Task details:
Type out each record word for word. Pictures stay out.

- Opening Delimiter -

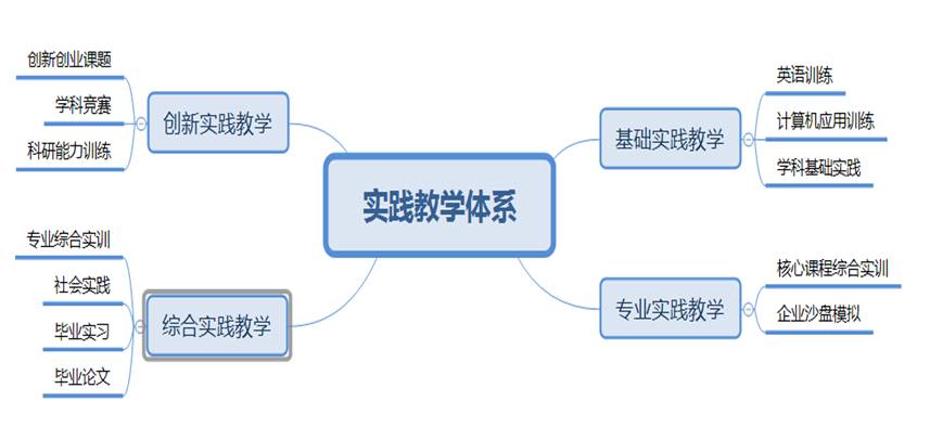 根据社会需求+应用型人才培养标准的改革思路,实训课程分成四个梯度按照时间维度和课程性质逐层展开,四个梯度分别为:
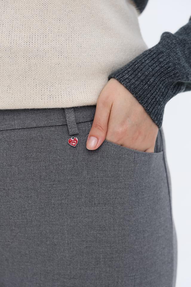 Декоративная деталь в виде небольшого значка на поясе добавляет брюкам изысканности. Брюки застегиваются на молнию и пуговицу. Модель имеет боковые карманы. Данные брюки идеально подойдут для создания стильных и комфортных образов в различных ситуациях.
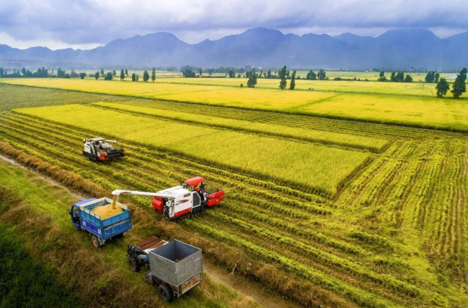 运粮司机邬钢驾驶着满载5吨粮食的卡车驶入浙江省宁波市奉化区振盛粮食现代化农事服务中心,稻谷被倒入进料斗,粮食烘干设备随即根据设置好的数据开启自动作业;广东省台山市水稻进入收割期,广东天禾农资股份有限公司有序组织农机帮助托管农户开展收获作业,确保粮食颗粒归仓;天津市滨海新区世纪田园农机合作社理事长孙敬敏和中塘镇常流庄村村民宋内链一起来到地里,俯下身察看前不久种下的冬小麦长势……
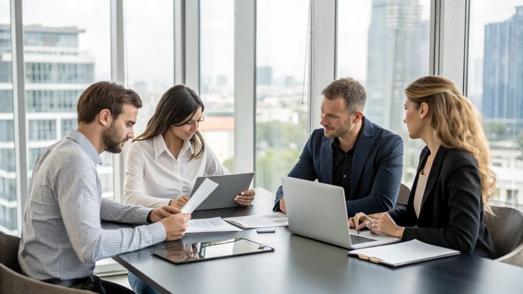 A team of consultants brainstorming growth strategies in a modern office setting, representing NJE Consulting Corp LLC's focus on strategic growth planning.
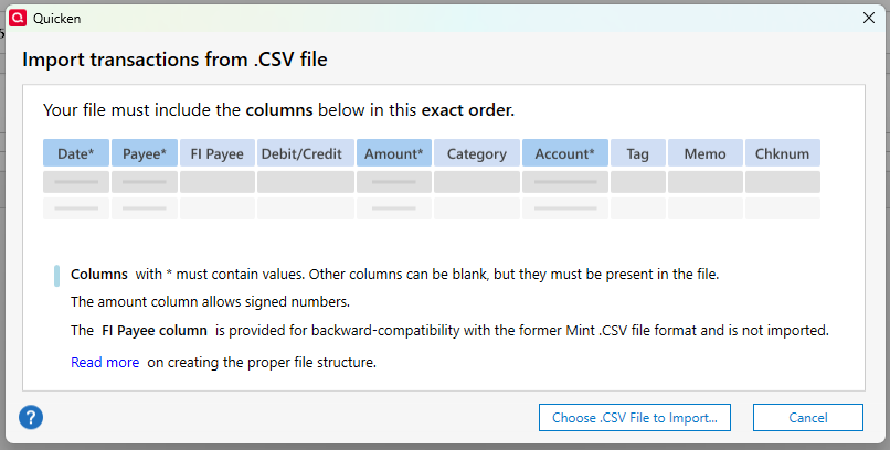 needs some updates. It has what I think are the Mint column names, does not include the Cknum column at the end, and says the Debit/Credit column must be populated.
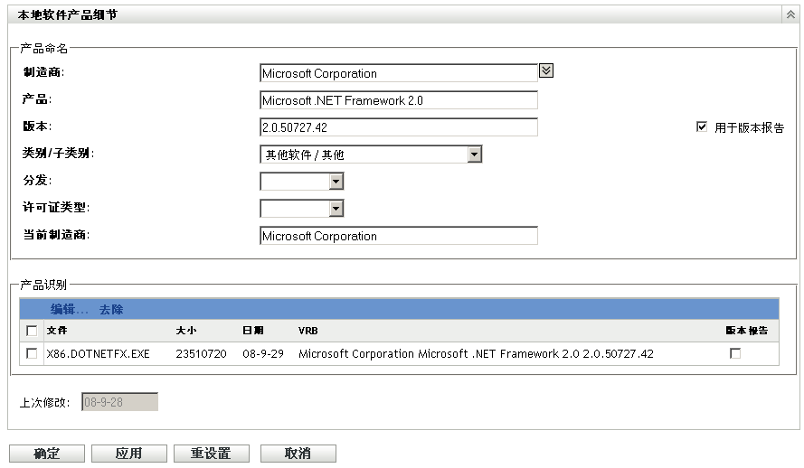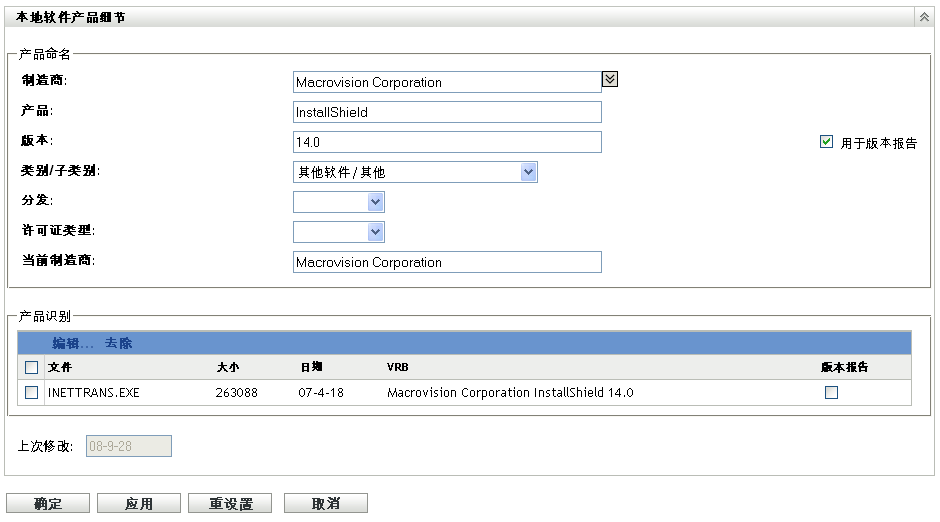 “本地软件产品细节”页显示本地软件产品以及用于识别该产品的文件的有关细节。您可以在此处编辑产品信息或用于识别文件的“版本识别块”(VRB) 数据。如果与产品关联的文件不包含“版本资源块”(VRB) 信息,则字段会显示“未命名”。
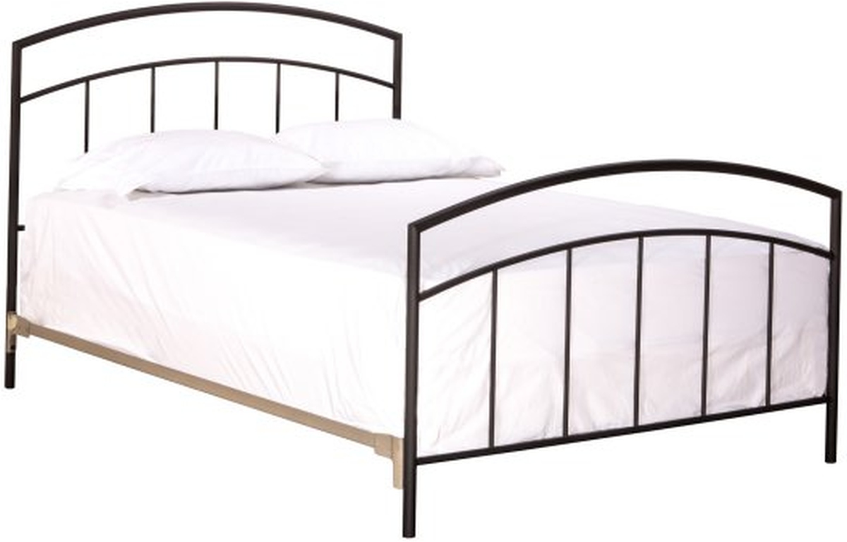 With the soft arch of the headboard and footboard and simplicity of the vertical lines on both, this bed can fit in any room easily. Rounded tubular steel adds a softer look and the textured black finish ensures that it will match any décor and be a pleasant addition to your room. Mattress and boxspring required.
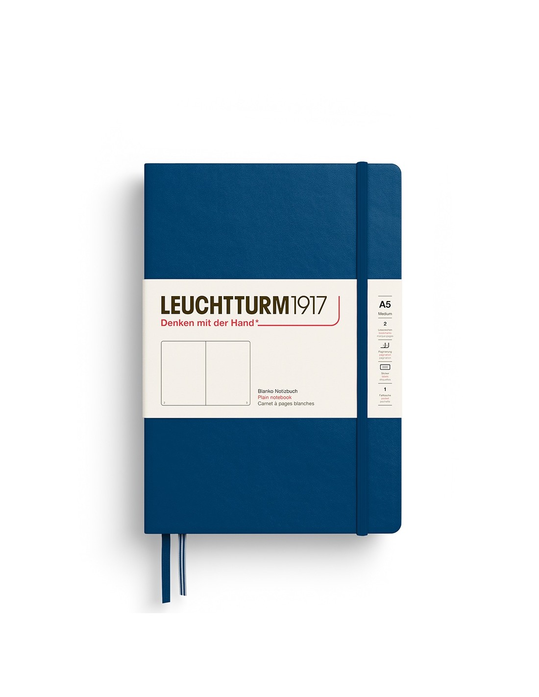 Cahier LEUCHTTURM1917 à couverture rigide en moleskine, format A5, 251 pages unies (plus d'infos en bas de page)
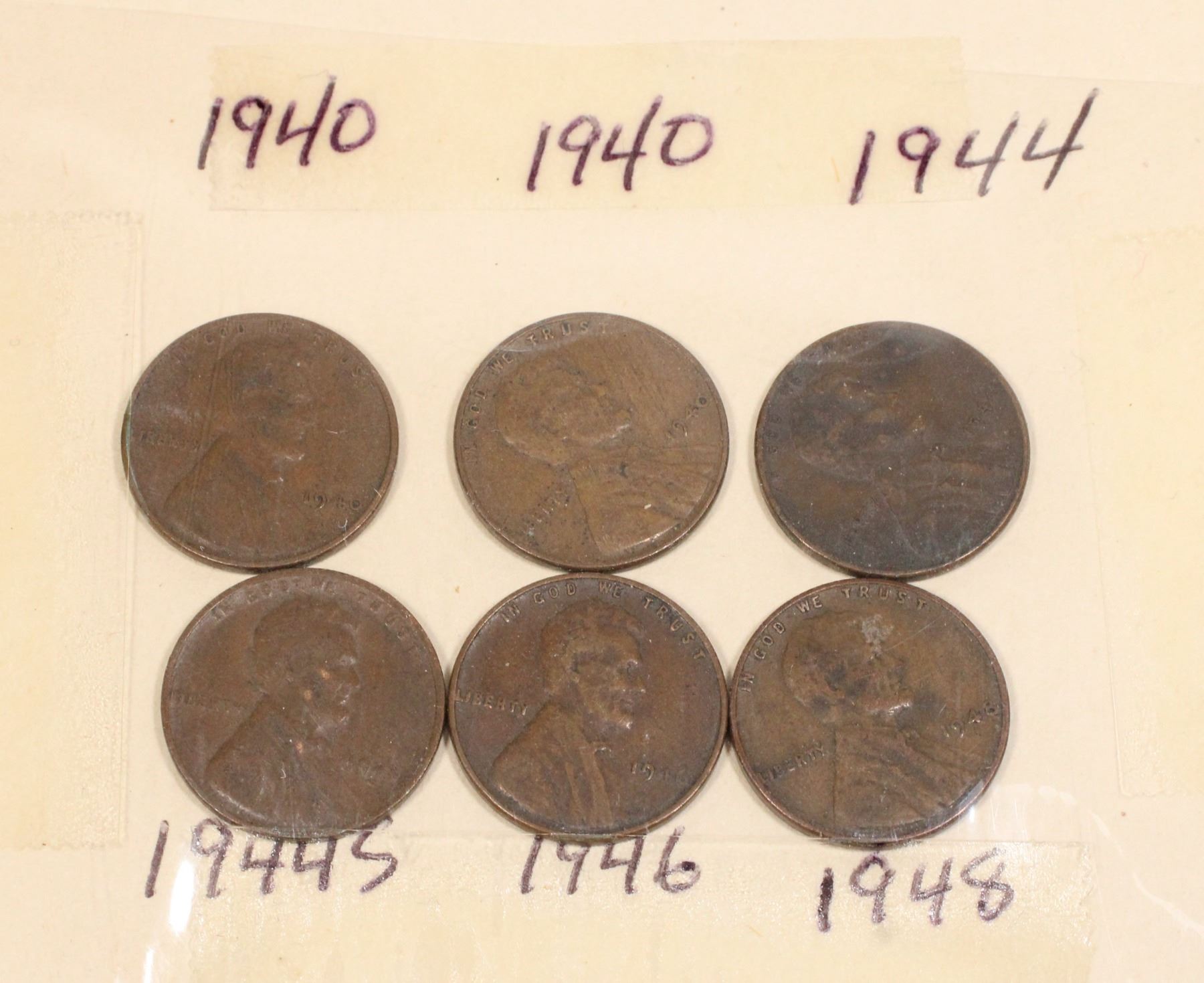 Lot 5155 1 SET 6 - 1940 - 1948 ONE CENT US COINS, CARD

- Closing Delimiter -

Solution:
 根据社会需求+应用型人才培养标准的改革思路,实训课程分成四个梯度按照时间维度和课程性质逐层展开,四个梯度分别为:
 Декоративная деталь в виде небольшого значка на поясе добавляет брюкам изысканности. Брюки застегиваются на молнию и пуговицу. Модель имеет боковые карманы. Данные брюки идеально подойдут для создания стильных и комфортных образов в различных ситуациях.
 运粮司机邬钢驾驶着满载5吨粮食的卡车驶入浙江省宁波市奉化区振盛粮食现代化农事服务中心,稻谷被倒入进料斗,粮食烘干设备随即根据设置好的数据开启自动作业;广东省台山市水稻进入收割期,广东天禾农资股份有限公司有序组织农机帮助托管农户开展收获作业,确保粮食颗粒归仓;天津市滨海新区世纪田园农机合作社理事长孙敬敏和中塘镇常流庄村村民宋内链一起来到地里,俯下身察看前不久种下的冬小麦长势……
 A team of consultants brainstorming growth strategies in a modern office setting, representing NJE Consulting Corp LLC's focus on strategic growth planning.
 needs some updates. It has what I think are the Mint column names, does not include the Cknum column at the end, and says the Debit/Credit column must be populated.
 “本地软件产品细节”页显示本地软件产品以及用于识别该产品的文件的有关细节。您可以在此处编辑产品信息或用于识别文件的“版本识别块”(VRB) 数据。如果与产品关联的文件不包含“版本资源块”(VRB) 信息,则字段会显示“未命名”。
 With the soft arch of the headboard and footboard and simplicity of the vertical lines on both, this bed can fit in any room easily. Rounded tubular steel adds a softer look and the textured black finish ensures that it will match any décor and be a pleasant addition to your room. Mattress and boxspring required.
 Cahier LEUCHTTURM1917 à couverture rigide en moleskine, format A5, 251 pages unies (plus d'infos en bas de page)
 Lot 5155 1 SET 6 - 1940 - 1948 ONE CENT US COINS, CARD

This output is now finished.